Content starts

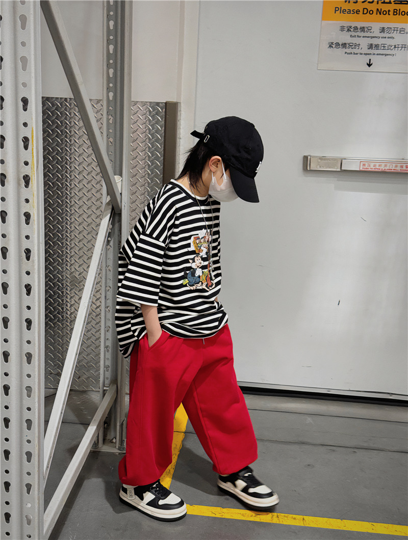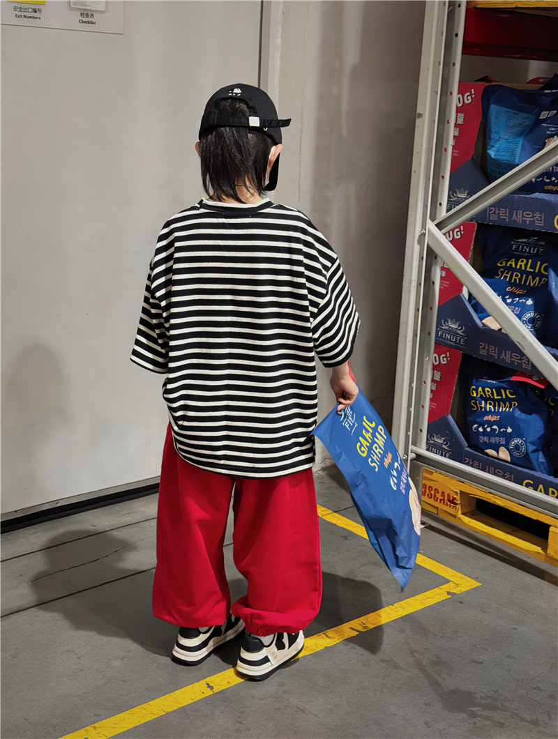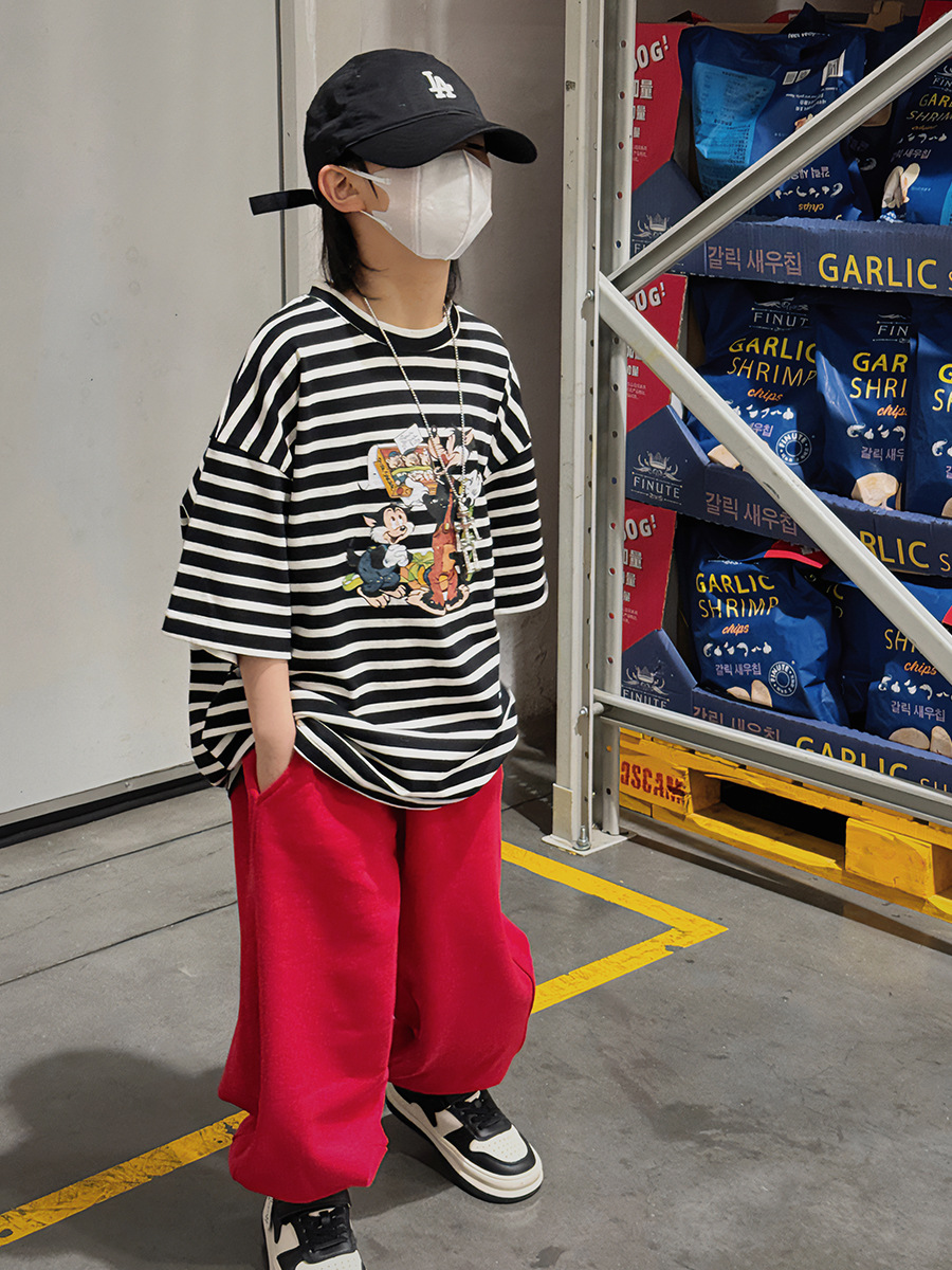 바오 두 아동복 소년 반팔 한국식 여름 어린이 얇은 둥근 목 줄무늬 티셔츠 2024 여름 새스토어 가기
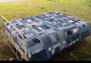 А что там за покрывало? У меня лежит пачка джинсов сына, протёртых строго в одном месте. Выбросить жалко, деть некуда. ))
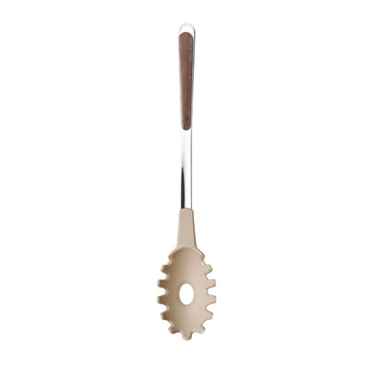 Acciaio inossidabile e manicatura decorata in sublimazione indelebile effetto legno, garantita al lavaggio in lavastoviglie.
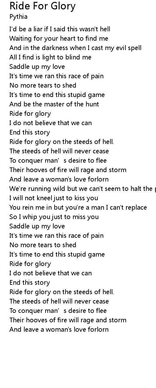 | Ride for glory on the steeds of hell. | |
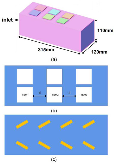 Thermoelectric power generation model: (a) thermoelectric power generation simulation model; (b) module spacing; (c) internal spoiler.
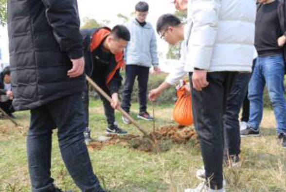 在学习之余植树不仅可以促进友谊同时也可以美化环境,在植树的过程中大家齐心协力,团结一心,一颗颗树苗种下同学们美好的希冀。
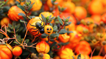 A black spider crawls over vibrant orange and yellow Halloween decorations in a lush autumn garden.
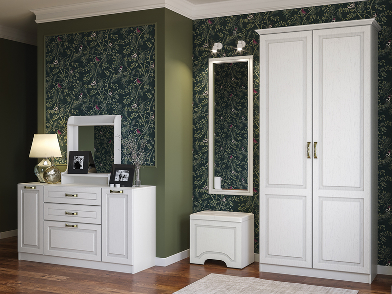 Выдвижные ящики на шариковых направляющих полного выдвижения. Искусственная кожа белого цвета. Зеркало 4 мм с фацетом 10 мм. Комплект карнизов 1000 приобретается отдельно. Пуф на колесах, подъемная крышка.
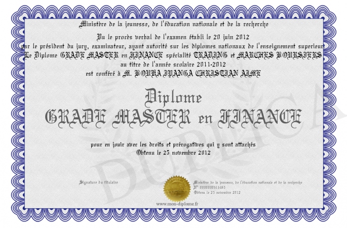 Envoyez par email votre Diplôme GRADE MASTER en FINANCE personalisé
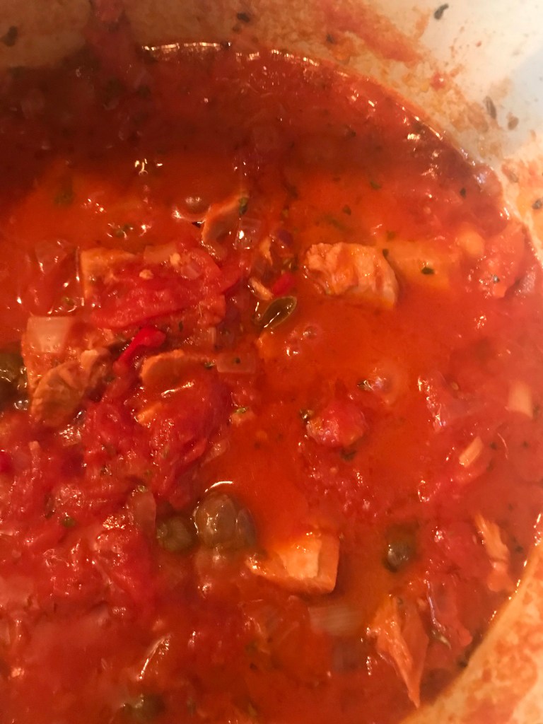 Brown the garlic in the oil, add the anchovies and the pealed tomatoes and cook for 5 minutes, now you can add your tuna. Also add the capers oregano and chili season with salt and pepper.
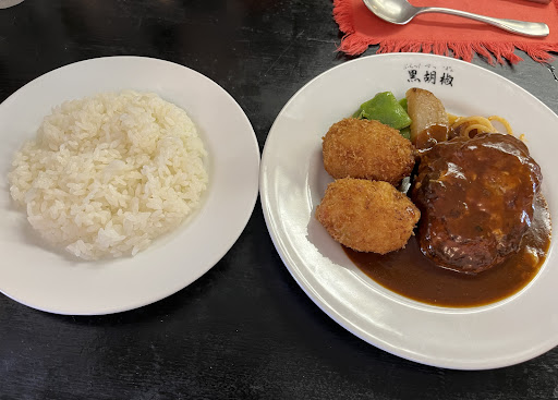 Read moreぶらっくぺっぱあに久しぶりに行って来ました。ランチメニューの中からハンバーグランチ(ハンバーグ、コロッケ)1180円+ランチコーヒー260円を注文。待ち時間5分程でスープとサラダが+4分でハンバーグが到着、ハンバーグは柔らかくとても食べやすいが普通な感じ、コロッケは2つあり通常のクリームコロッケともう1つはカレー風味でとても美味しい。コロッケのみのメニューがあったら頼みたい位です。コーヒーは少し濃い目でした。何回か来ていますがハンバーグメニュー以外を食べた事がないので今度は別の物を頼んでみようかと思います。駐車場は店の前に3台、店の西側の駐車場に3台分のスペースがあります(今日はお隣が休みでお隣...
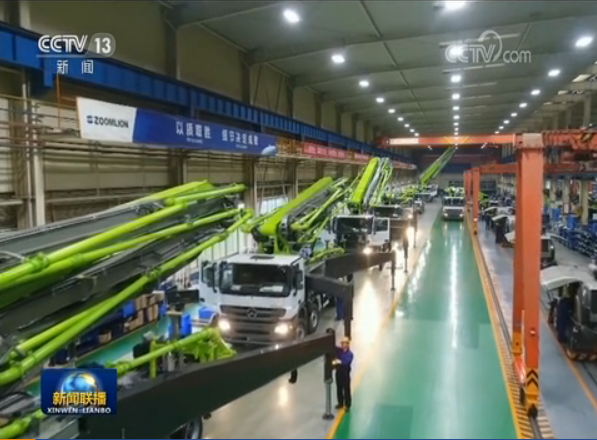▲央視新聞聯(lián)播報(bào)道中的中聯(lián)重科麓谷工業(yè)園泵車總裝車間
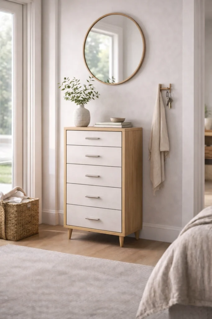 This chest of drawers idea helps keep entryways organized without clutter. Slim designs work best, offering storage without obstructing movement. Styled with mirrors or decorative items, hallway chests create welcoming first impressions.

Content ends

- WORK TO COMPLETE -
Transcribe exactly, and without any pictures, each line from the one that holds "А что там за" through the final line of the material above.

- YOUR SOLUTION -
 А что там за покрывало? У меня лежит пачка джинсов сына, протёртых строго в одном месте. Выбросить жалко, деть некуда. ))
 Acciaio inossidabile e manicatura decorata in sublimazione indelebile effetto legno, garantita al lavaggio in lavastoviglie.
 | Ride for glory on the steeds of hell. | |
 Thermoelectric power generation model: (a) thermoelectric power generation simulation model; (b) module spacing; (c) internal spoiler.
 在学习之余植树不仅可以促进友谊同时也可以美化环境,在植树的过程中大家齐心协力,团结一心,一颗颗树苗种下同学们美好的希冀。
 A black spider crawls over vibrant orange and yellow Halloween decorations in a lush autumn garden.
 Выдвижные ящики на шариковых направляющих полного выдвижения. Искусственная кожа белого цвета. Зеркало 4 мм с фацетом 10 мм. Комплект карнизов 1000 приобретается отдельно. Пуф на колесах, подъемная крышка.
 Envoyez par email votre Diplôme GRADE MASTER en FINANCE personalisé
 Brown the garlic in the oil, add the anchovies and the pealed tomatoes and cook for 5 minutes, now you can add your tuna. Also add the capers oregano and chili season with salt and pepper.
 Read moreぶらっくぺっぱあに久しぶりに行って来ました。ランチメニューの中からハンバーグランチ(ハンバーグ、コロッケ)1180円+ランチコーヒー260円を注文。待ち時間5分程でスープとサラダが+4分でハンバーグが到着、ハンバーグは柔らかくとても食べやすいが普通な感じ、コロッケは2つあり通常のクリームコロッケともう1つはカレー風味でとても美味しい。コロッケのみのメニューがあったら頼みたい位です。コーヒーは少し濃い目でした。何回か来ていますがハンバーグメニュー以外を食べた事がないので今度は別の物を頼んでみようかと思います。駐車場は店の前に3台、店の西側の駐車場に3台分のスペースがあります(今日はお隣が休みでお隣...
▲央視新聞聯(lián)播報(bào)道中的中聯(lián)重科麓谷工業(yè)園泵車總裝車間
 This chest of drawers idea helps keep entryways organized without clutter. Slim designs work best, offering storage without obstructing movement. Styled with mirrors or decorative items, hallway chests create welcoming first impressions.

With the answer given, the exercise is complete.